[Saved entries]
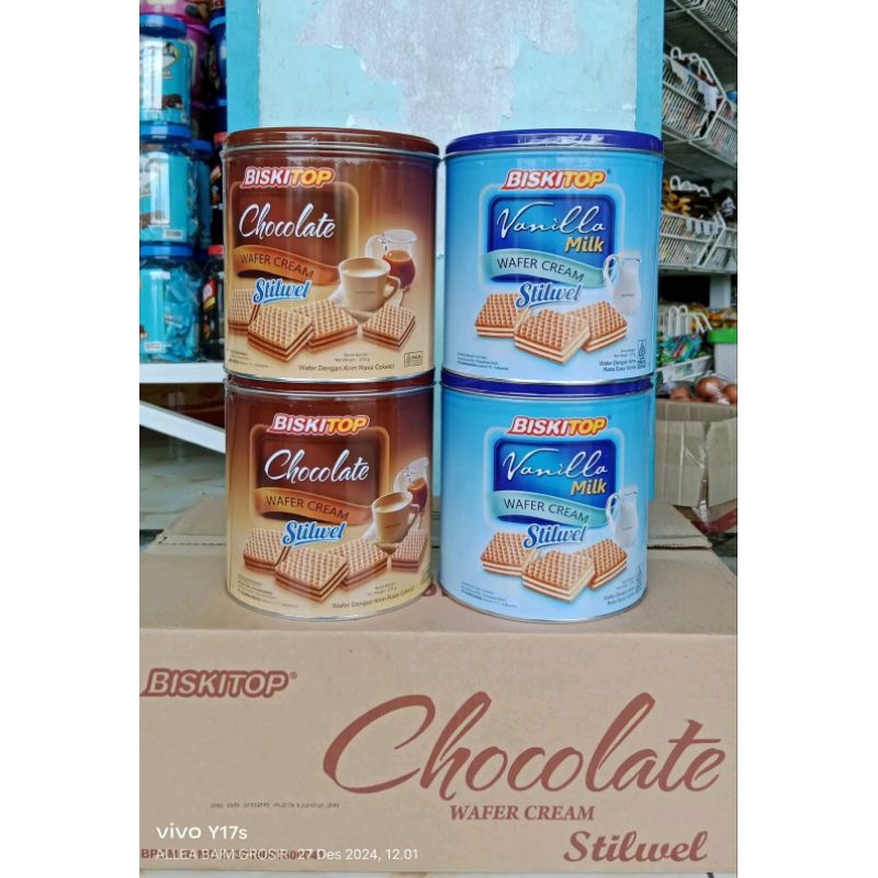 Wafer Biskitop Kaleng Biskitop Vanilla Milk Chocolate Wafer Cream
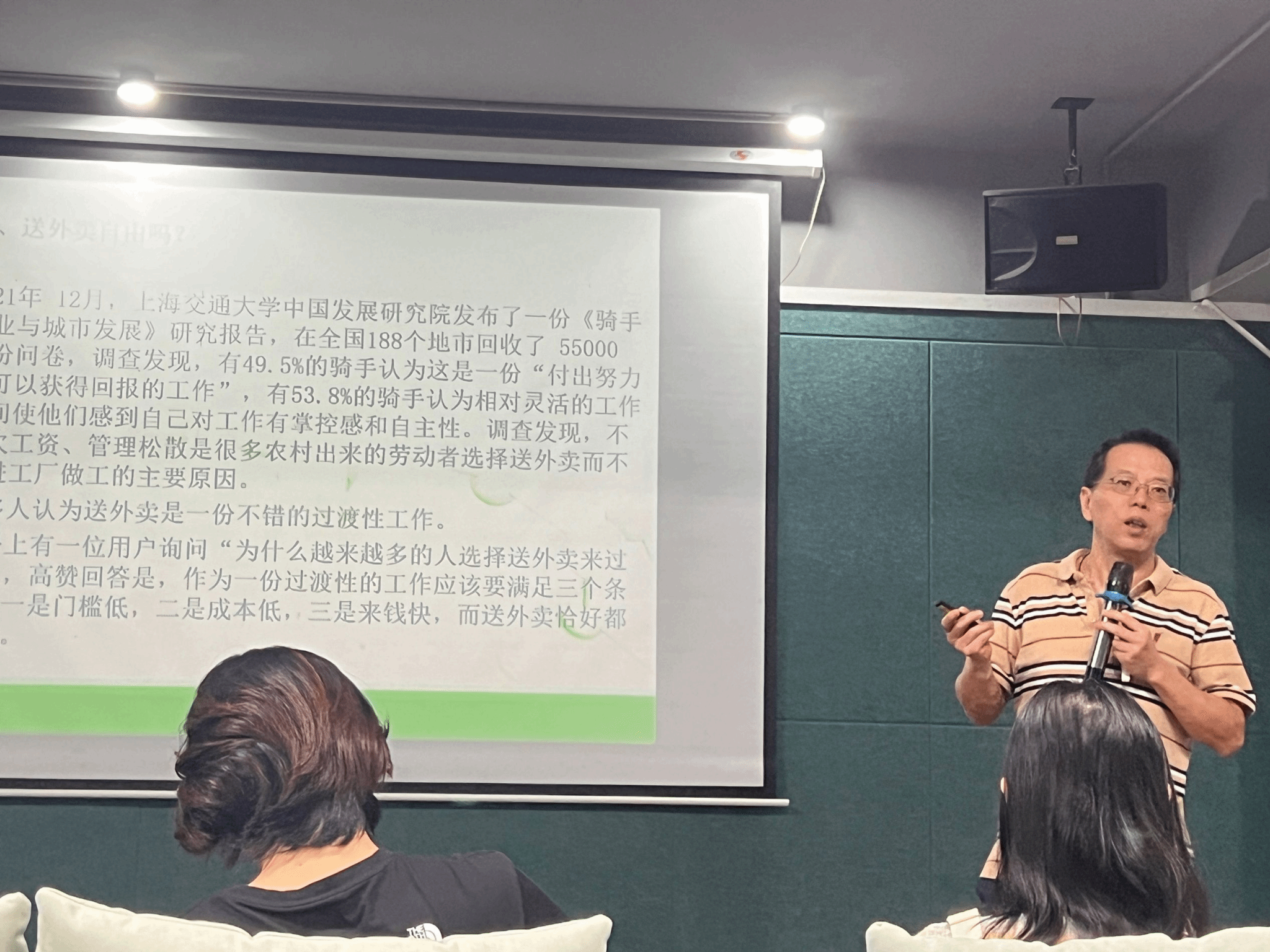 在数字经济蓬勃发展的当下,外卖骑手作为城市运转的“毛细血管”,其生存现状与权益保障日益成为社会关注的焦点,4月18日,林克勤院长以“外卖骑手:时代造就的特殊群体”为题,带领师生透过这一新兴职业群体的生存博弈,剖析数字时代的职业困境与社会责任,助力学生打破信息茧房,深化专业认知,明确学习方向。
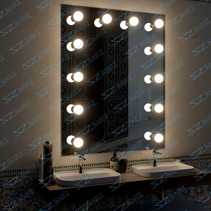 Количество сенсорных кнопок для управления разными опциями – подсветкой, линзой, обогревом или другими зависит от пожеланий заказчиков и функционала зеркала. Оно также выбирается покупателем при оформлении заказа.
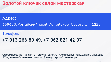 Золотой ключик, салон-мастерская по адресу 659650, Алтайский край, Алтайское, Советская, 122в в дальнейшем Организация, размещена в следующих категориях:
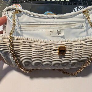 Used, like new condition; Smoke-free house. Magid brand white wicker purse, clutch. Clean condition inside and out. Zippered inside pocket. Approximately 9 1/2" x 6" X 2 1/2" at its widest. Chain is approximately 42" long.
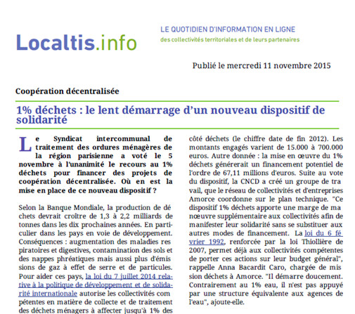 1% solidaire pour l'eau: collectivités locales votre action compte!
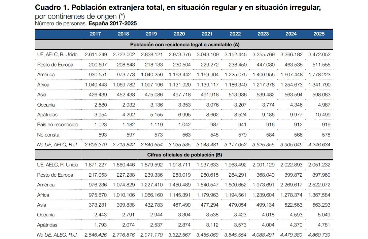 Como podemos comprobar, las cifras de población con residencia legal o asimilable recogen que en España había 3.472.052 europeos y británicos en 2025. Del mismo modo, había 1.778.223 procedentes de América y 1.341.790 africanos. En cambio, según las cifras oficiales de población, el año pasado en España vivieron 2.051.232 europeos y británicos, 2.522.072 americanos y 1.367.584 africanos.
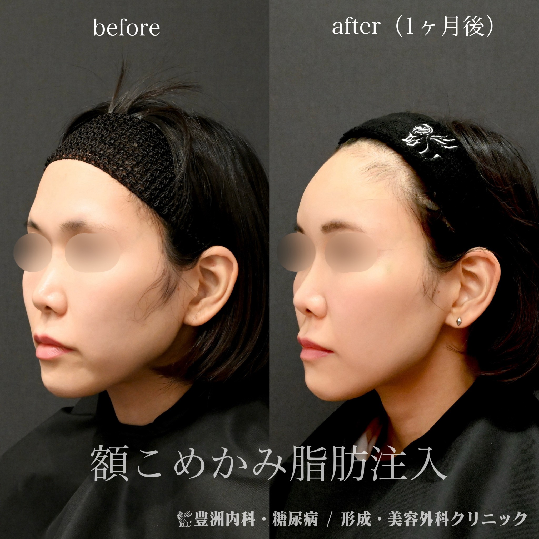 額こめかみに脂肪注入された方の、施術前および施術1ヶ月後の比較写真になります。額の凹付きが消え丸い輪郭になり、見た目の印象も若返っております。
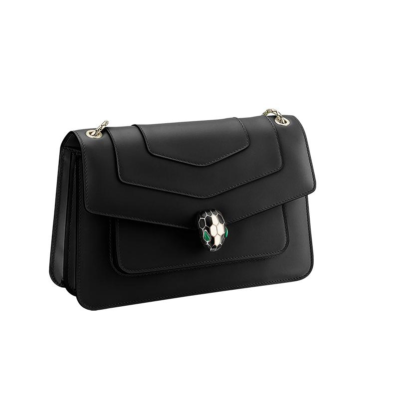 【包税】 BVLGARI/宝格丽 21春夏新款SERPENTI FOREVER系列 女士黑色小牛皮珐琅扣斜挎单肩包290264
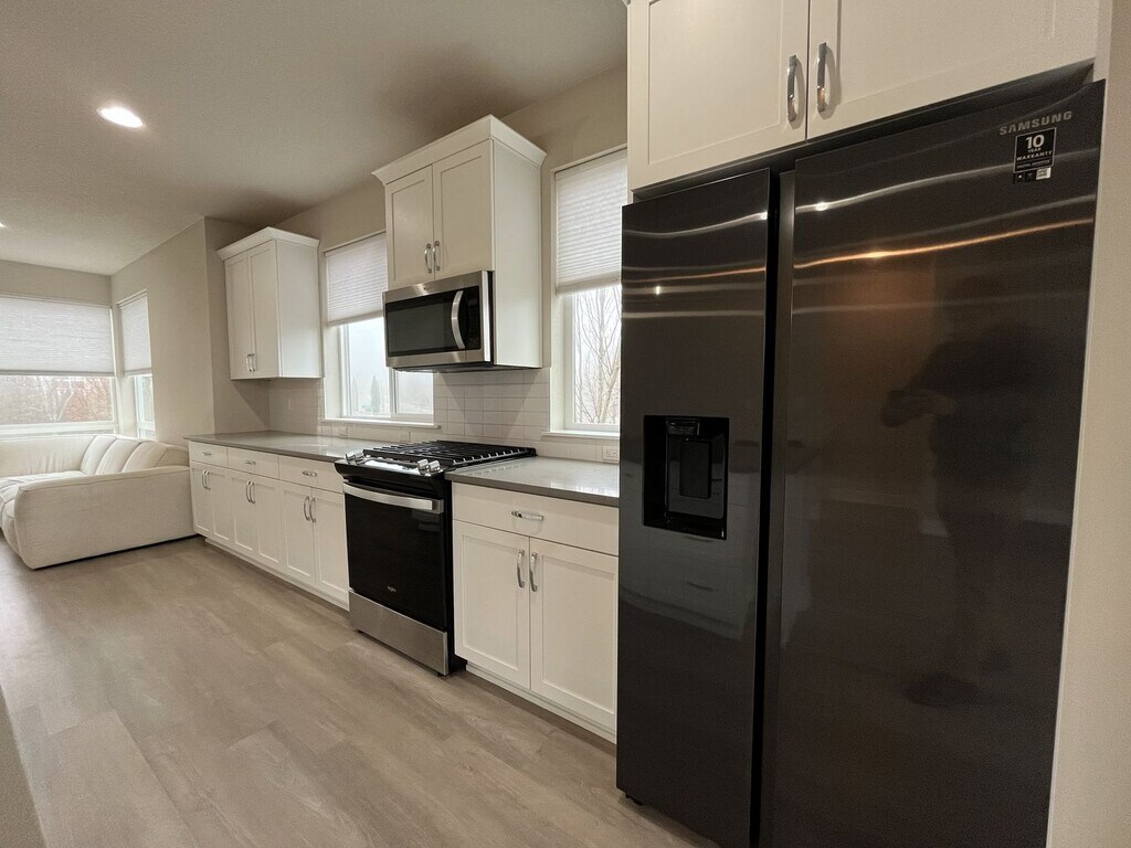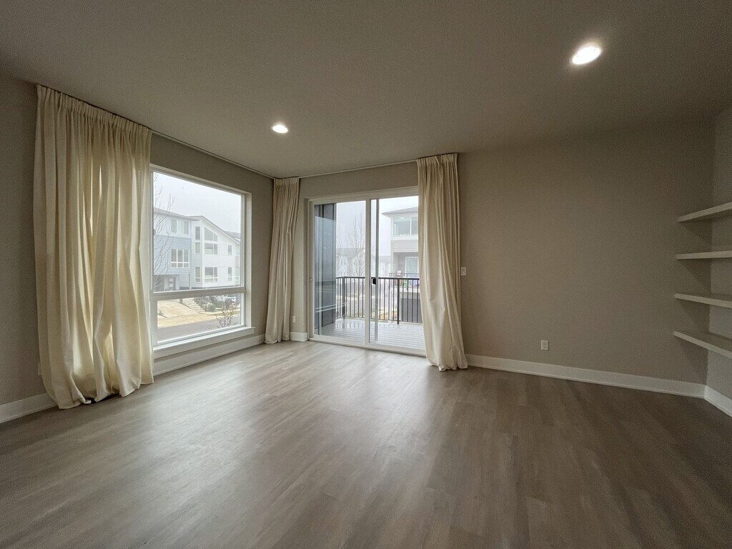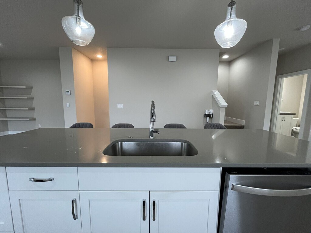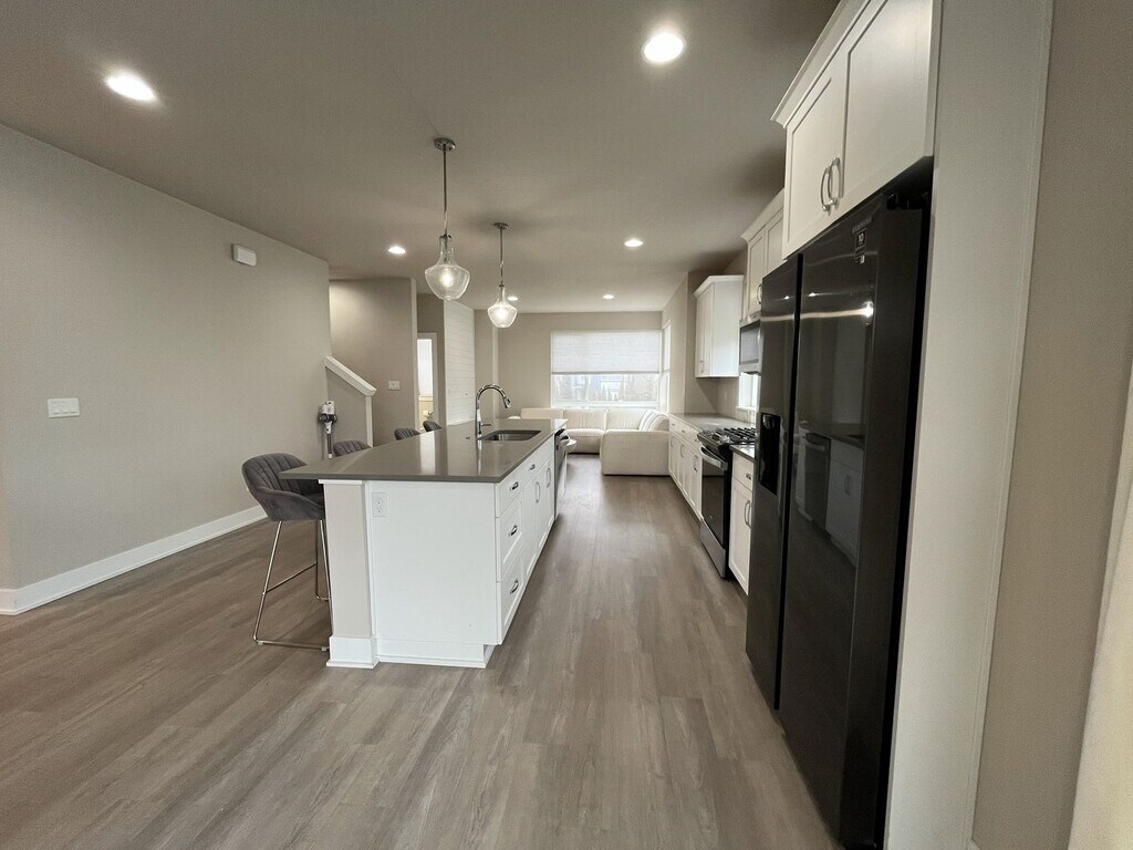 This modern three-bedroom, three-bathroom townhome offers 1,720 square feet of thoughtfully designed living space across three levels and is situated on a true corner lot, providing expansive windows and abundant natural light throughout. Located in a well-maintained community, this end-unit home blends flexibility, contemporary design, and everyday functionality. The ground level offers a welcoming entry area, an oversized single-car or two-car sub-compact garage, and a versatile bonus room. Designed to adapt to your needs, this space is ideal for a home office, gym, creative studio, or quiet retreat. An electric vehicle charger in the garage adds modern convenience. The main living level features open-concept design at its best. The kitchen serves as the centerpiece of the home, complete with a large island offering seating for four, a stainless steel single-basin sink, dishwasher, and generous cabinetry. Along the opposite wall, you’ll find a French-door refrigerator, gas stovetop and oven, mounted microwave, and additional storage. Multiple windows line the kitchen and dining areas, creating a bright and inviting atmosphere throughout the day. The dining area sits between the kitchen and balcony and includes a large window, sliding glass door, and a built-in bookshelf that adds both charm and functionality. The adjacent balcony extends the living space outdoors and includes additional storage—perfect for seasonal items or recreational gear. The spacious living room is framed by large corner windows, offering a comfortable and stylish space for relaxing or entertaining. A half bathroom on this level adds convenience for guests. All three bedrooms are located on the upper level. The primary suite is generously sized and features corner windows, a walk-in closet with built-in shelving, and a private en suite bathroom with a large vanity, matching mirror, and glass-enclosed step-in shower. The second bedroom includes carpeted flooring, a bright window, and a standard closet. The third bedroom stands out with vaulted ceilings, tall windows, and a modern pendant light fixture, creating an airy and distinctive feel. A full bathroom with a tub and shower combination and extended vanity is located between the two secondary bedrooms. A full-size, side-by-side washer and dryer are conveniently located on this floor as well. Wood-vinyl flooring on the first and second levels provides durability and style, while plush carpeting on the stairs and upper level adds comfort. With ducted heating and air conditioning, modern finishes, and multiple flexible living spaces, this home offers a well-balanced layout designed for comfort, productivity, and connection. This townhome combines modern design, thoughtful features, and flexible living options—making it an excellent choice for anyone seeking a polished and comfortable place to call home. Call or Text Our Leasing Agent to schedule a showing! English Speaking Spanish Speaking YouTube Link: Visit our website to apply and view other homes we have available! Do you need property management services? Maximize your income and cut your costs!
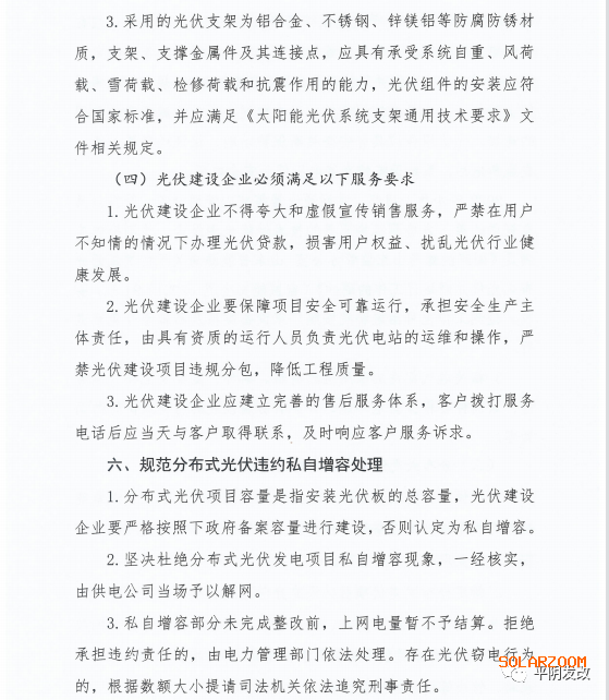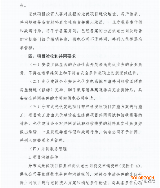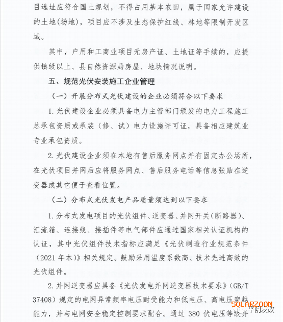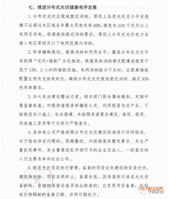 此外,整县分布式开发按照“光伏+储能”方式推进,根据具体消纳情况配建或租赁不低于15%、2小时的储能设施。电网消纳能力不足时,应提高储能配置比例及充放电时长,确保分布式光伏就地就近消纳、满足95%利用率要求。
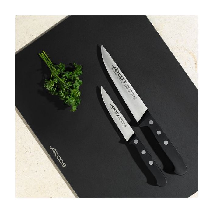 Ніж для чищення Universal від іспанського виробника Arcos виготовлений із кованої сталі NITRUM , яка є ексклюзивним винаходом компанії. Вона збагачена азотом і тому довговічна, несприйнятлива до корозії і довго не вимагає заточування. Не менш технологічна руків'я з поліпропілену . Інноваційний матеріал має дивовижні ударостійкі властивості. У цій моделі застосований двосторонній симетричний тип заточування. Завдяки цьому гострота ножа практично ідеальна, а початкова ріжуча здатність зберігається триваліший час.
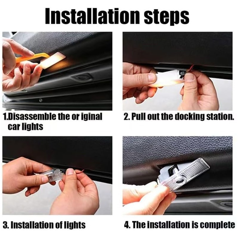 - Installation: Use a flat head screwdriver or tool to remove the existing door light. Insert our welcome light tag through the connecting cable. The entire installation process only takes 2 minutes.
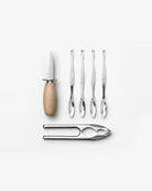 Ontdek de Essentiële Set voor liefhebbers van zeevruchten, slim vermomd als een elegant doosje in de vorm van een boek. Het is de perfecte samensmelting van esthetiek en functionaliteit. Bij het openen ervan zul je alle essentiële gereedschappen ontdekken voor jouw geliefde zeevruchtenfeestjes. Alle gereedschappen zijn gemaakt van roestvrij staal en kunnen in de vaatwasser worden gereinigd.
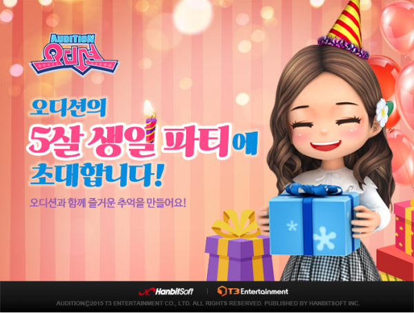 [서울파이낸스 양희문 기자] 한빛소프트는 다음달 15일까지 PC온라인 리듬액션 게임 오디션 자체서비스 5주년을 기념해 이용자에게 선물 및 경품 증정 이벤트를 진행한다고 16일 밝혔다.
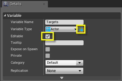 - Targets 라는 액터 변수를 새로 만든 다음, 변수 유형 옆의 박스를 클릭하고 배열 로 만들어 준 뒤 편집가능 박스를 체크합니다.블루프린트 인터페이스 영향을 받은 액터가 저장됩니다.
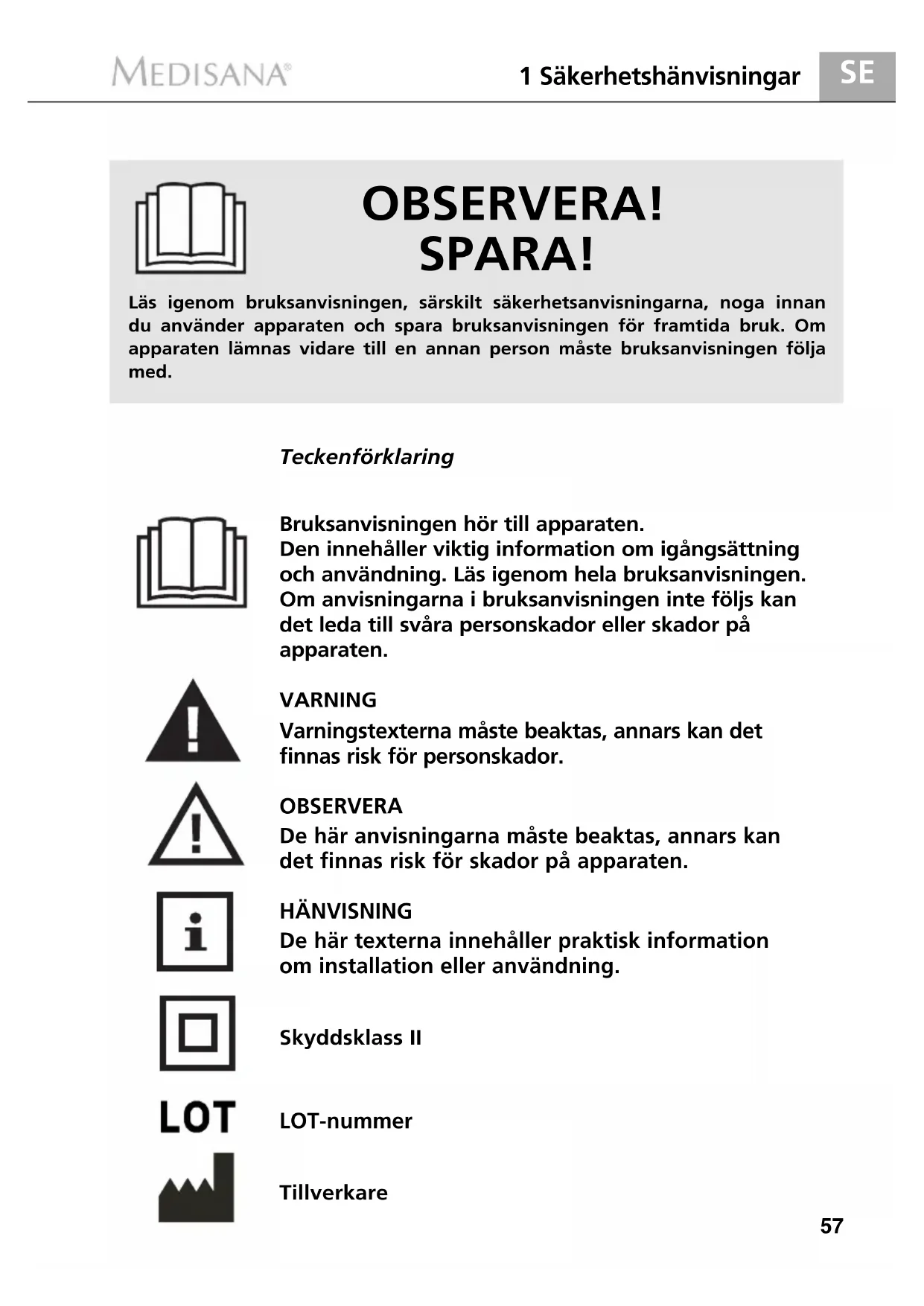 - Om nätkabeln är skadad får den endast bytas ut av MEDISANA, auktoriserade återförsäljare eller motsvarande behörig person.
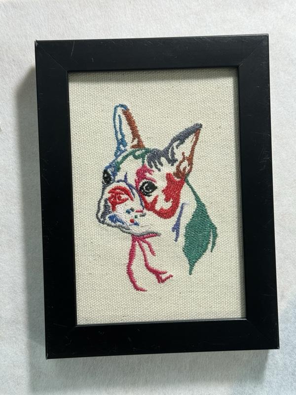 ✨ Elevate your home with our Frenchie Machine Embroidered and Framed artwork! This piece showcases the beauty of the French Bulldog, crafted with intricate embroidery. It captures every detail, making it a stunning addition to any room. Choose your frame to add elegance and celebrate your love for this breed.
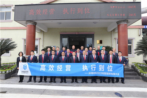 1月9日,永祥新材料2022年度管理序列述職大會成功召開,公司常務副總經理廖萬能、副總工程師吳銘生、總經理助理李文彬出席,14名管理干部作2022年度述職報告,技術員及以上人員、后勤職能部門人員列席會議。
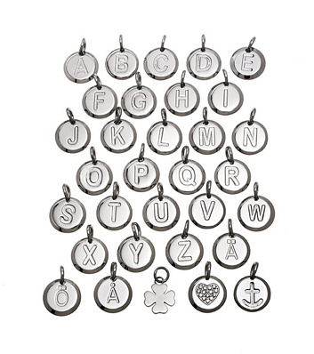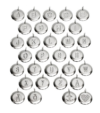 Nästa vecka kommer den efterlängtade leveransen av Edblads fantastisk fina serie med kedja och berlock som man köper styckvis av och kombinerar och mixar som man vill. Nu är jag väldigt nyfiken på: 1. vilken bokstav ni vill ha 2. viken storlek (liten Diameter 12 mm, höjd 2 mm eller stor Diameter 20 mm, höjd 2 mm) på berlocken ni vill ha. Lilla berlocken är till vänster här och stora till höger här. 3.vill ni ha stål eller rosé 4. vilken kedja gillar ni bäst: kulkedja eller tunn ringkedja (se armbanden nertill) 5. vill ni helst ha armband eller halsband

### What is expected
Give again, word for word, the lines above from the first one through the one containing "Количество сенсорных кнопок"; no pictures.

### Solution for this problem
 Wafer Biskitop Kaleng Biskitop Vanilla Milk Chocolate Wafer Cream
 在数字经济蓬勃发展的当下,外卖骑手作为城市运转的“毛细血管”,其生存现状与权益保障日益成为社会关注的焦点,4月18日,林克勤院长以“外卖骑手:时代造就的特殊群体”为题,带领师生透过这一新兴职业群体的生存博弈,剖析数字时代的职业困境与社会责任,助力学生打破信息茧房,深化专业认知,明确学习方向。
 Количество сенсорных кнопок для управления разными опциями – подсветкой, линзой, обогревом или другими зависит от пожеланий заказчиков и функционала зеркала. Оно также выбирается покупателем при оформлении заказа.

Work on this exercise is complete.